◆ **DATA PROVIDED**
....
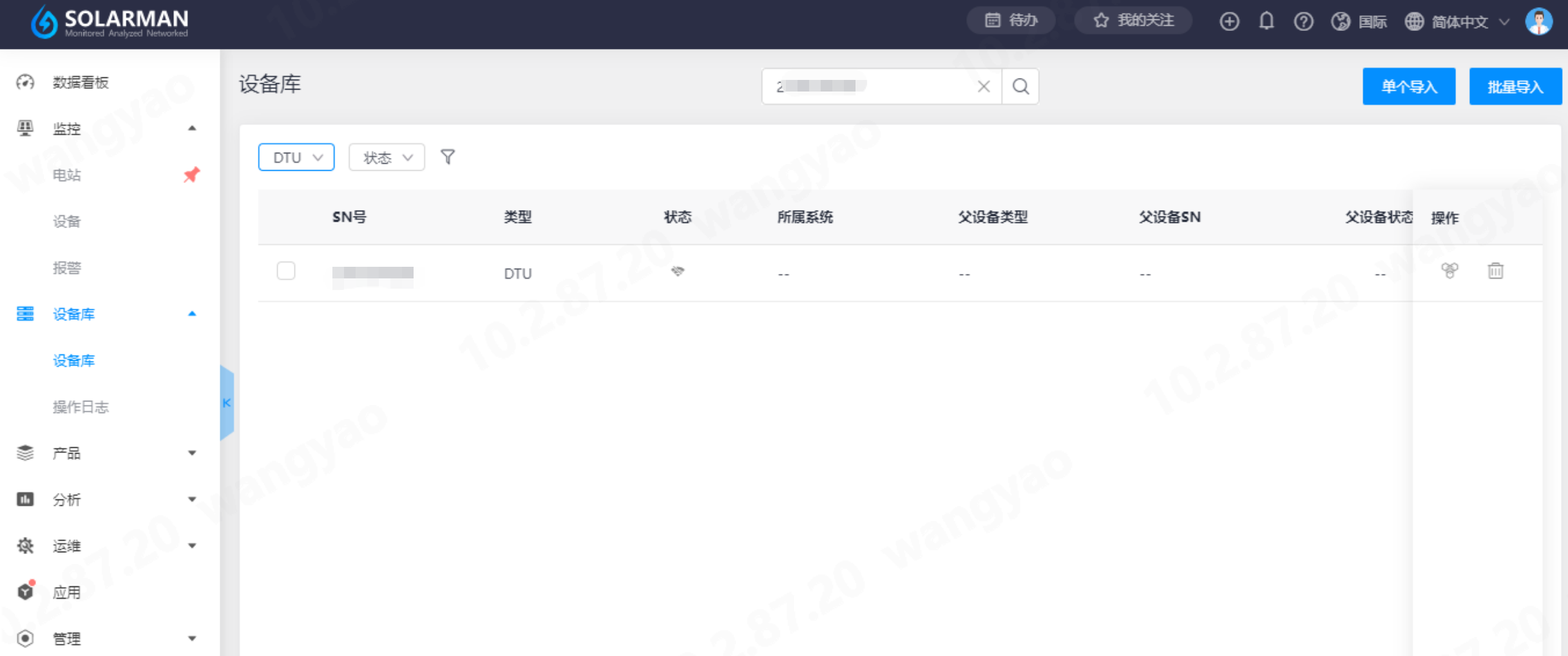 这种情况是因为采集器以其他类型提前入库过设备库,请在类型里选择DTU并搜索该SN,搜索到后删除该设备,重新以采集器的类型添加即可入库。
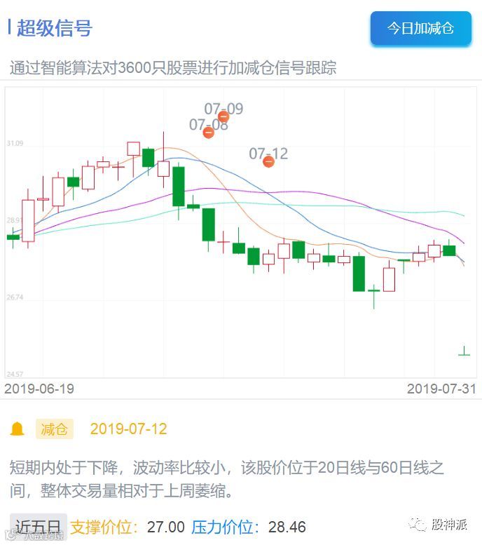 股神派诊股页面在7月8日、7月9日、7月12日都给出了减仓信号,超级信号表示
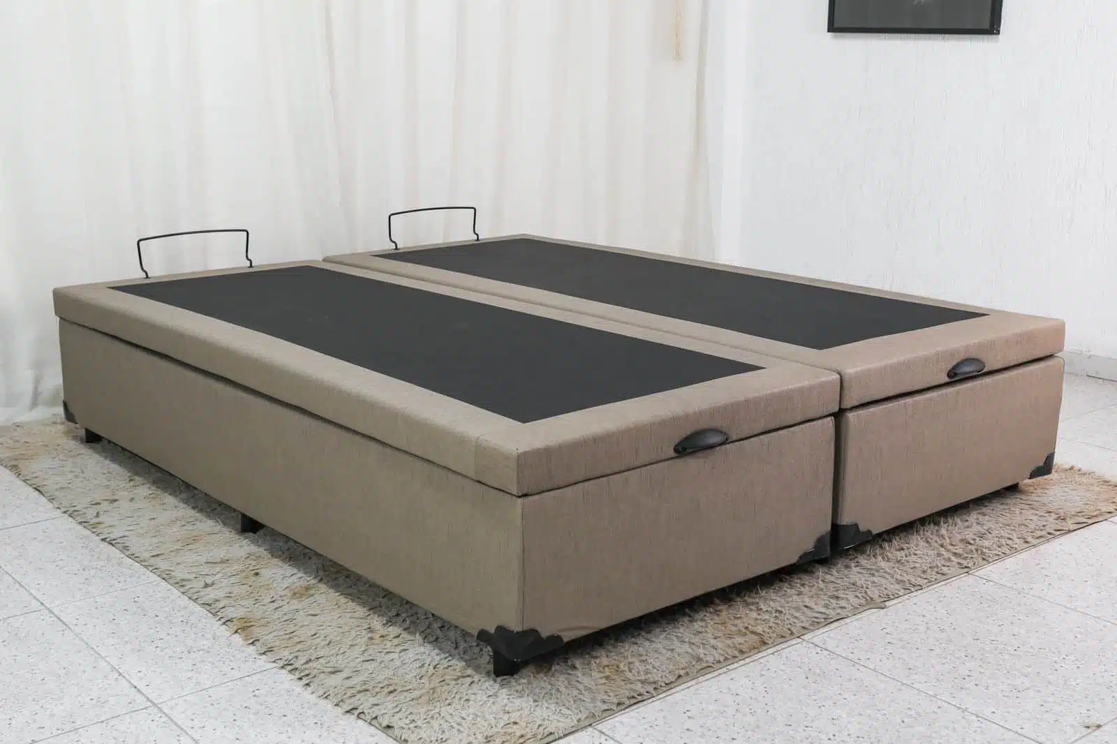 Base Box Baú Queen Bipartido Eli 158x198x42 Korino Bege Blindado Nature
....
◆ **WHAT YOU NEED TO DO**
Once the pictures are set aside, give the rest of the material again unchanged.

◆ **COMPLETED EXERCISE**
 这种情况是因为采集器以其他类型提前入库过设备库,请在类型里选择DTU并搜索该SN,搜索到后删除该设备,重新以采集器的类型添加即可入库。
 股神派诊股页面在7月8日、7月9日、7月12日都给出了减仓信号,超级信号表示
 Base Box Baú Queen Bipartido Eli 158x198x42 Korino Bege Blindado Nature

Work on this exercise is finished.